Output the data in full. Keep every word exact and exclude the pictures.

□ □ □ □

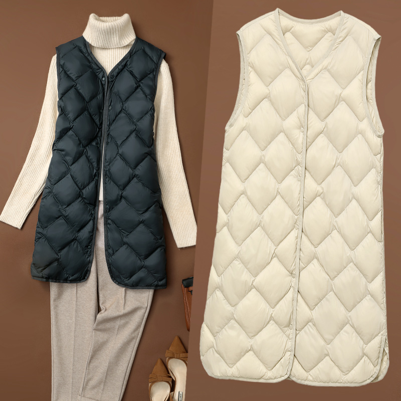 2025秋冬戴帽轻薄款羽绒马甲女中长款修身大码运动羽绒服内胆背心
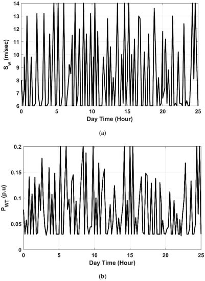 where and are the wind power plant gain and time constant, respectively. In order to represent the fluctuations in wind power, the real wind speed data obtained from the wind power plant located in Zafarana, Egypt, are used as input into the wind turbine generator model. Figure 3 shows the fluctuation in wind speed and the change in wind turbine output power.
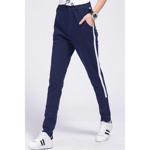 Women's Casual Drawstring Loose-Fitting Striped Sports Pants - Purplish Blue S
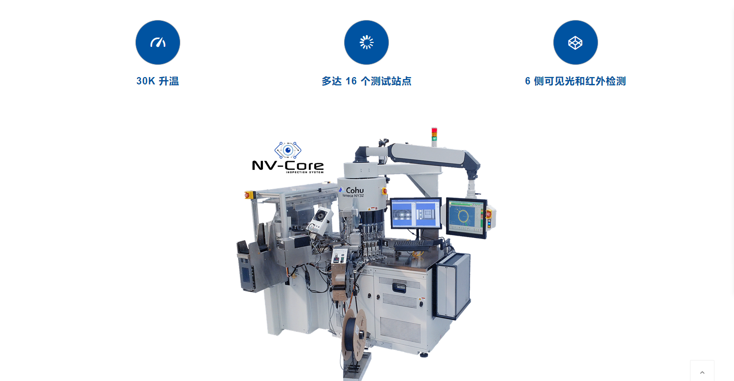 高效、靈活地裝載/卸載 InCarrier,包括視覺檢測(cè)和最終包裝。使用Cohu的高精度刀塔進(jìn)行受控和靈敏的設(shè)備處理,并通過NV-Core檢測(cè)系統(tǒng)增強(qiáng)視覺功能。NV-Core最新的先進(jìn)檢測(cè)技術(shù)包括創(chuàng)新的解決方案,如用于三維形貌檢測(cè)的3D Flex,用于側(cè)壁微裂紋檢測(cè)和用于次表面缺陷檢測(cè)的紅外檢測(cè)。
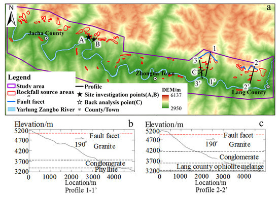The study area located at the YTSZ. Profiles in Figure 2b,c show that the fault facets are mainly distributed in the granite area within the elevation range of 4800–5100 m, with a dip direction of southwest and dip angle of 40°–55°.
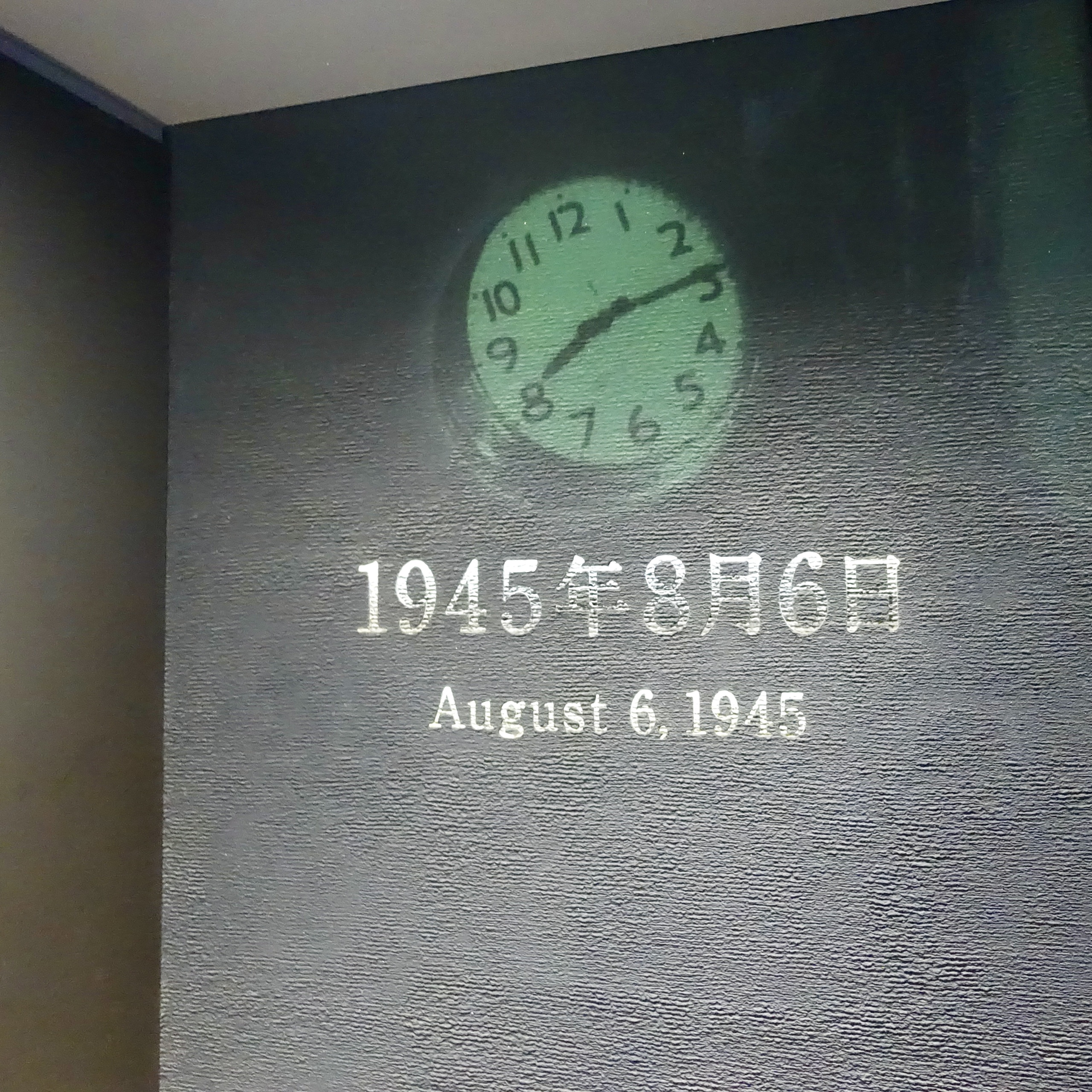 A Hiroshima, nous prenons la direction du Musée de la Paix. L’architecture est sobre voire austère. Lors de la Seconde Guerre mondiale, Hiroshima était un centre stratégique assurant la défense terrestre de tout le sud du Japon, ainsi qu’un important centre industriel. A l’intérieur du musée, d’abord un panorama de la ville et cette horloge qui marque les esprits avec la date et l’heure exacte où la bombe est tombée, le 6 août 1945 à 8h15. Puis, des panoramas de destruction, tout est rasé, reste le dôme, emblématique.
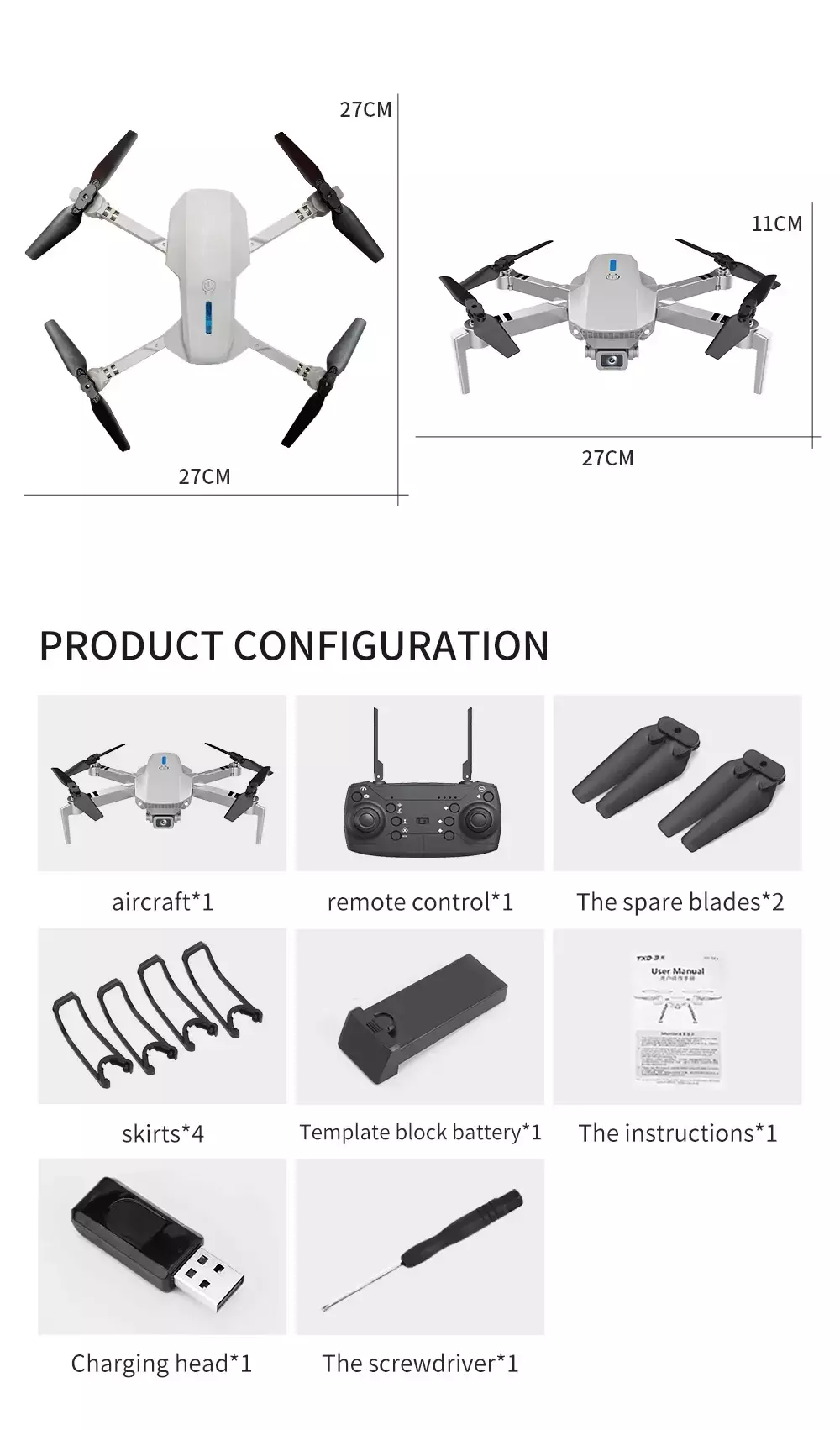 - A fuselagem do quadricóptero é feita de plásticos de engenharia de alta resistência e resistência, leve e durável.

□ □ □ □

Result of this task ::
 2025秋冬戴帽轻薄款羽绒马甲女中长款修身大码运动羽绒服内胆背心
 where and are the wind power plant gain and time constant, respectively. In order to represent the fluctuations in wind power, the real wind speed data obtained from the wind power plant located in Zafarana, Egypt, are used as input into the wind turbine generator model. Figure 3 shows the fluctuation in wind speed and the change in wind turbine output power.
 Women's Casual Drawstring Loose-Fitting Striped Sports Pants - Purplish Blue S
 高效、靈活地裝載/卸載 InCarrier,包括視覺檢測(cè)和最終包裝。使用Cohu的高精度刀塔進(jìn)行受控和靈敏的設(shè)備處理,并通過NV-Core檢測(cè)系統(tǒng)增強(qiáng)視覺功能。NV-Core最新的先進(jìn)檢測(cè)技術(shù)包括創(chuàng)新的解決方案,如用于三維形貌檢測(cè)的3D Flex,用于側(cè)壁微裂紋檢測(cè)和用于次表面缺陷檢測(cè)的紅外檢測(cè)。
The study area located at the YTSZ. Profiles in Figure 2b,c show that the fault facets are mainly distributed in the granite area within the elevation range of 4800–5100 m, with a dip direction of southwest and dip angle of 40°–55°.
 A Hiroshima, nous prenons la direction du Musée de la Paix. L’architecture est sobre voire austère. Lors de la Seconde Guerre mondiale, Hiroshima était un centre stratégique assurant la défense terrestre de tout le sud du Japon, ainsi qu’un important centre industriel. A l’intérieur du musée, d’abord un panorama de la ville et cette horloge qui marque les esprits avec la date et l’heure exacte où la bombe est tombée, le 6 août 1945 à 8h15. Puis, des panoramas de destruction, tout est rasé, reste le dôme, emblématique.
 - A fuselagem do quadricóptero é feita de plásticos de engenharia de alta resistência e resistência, leve e durável.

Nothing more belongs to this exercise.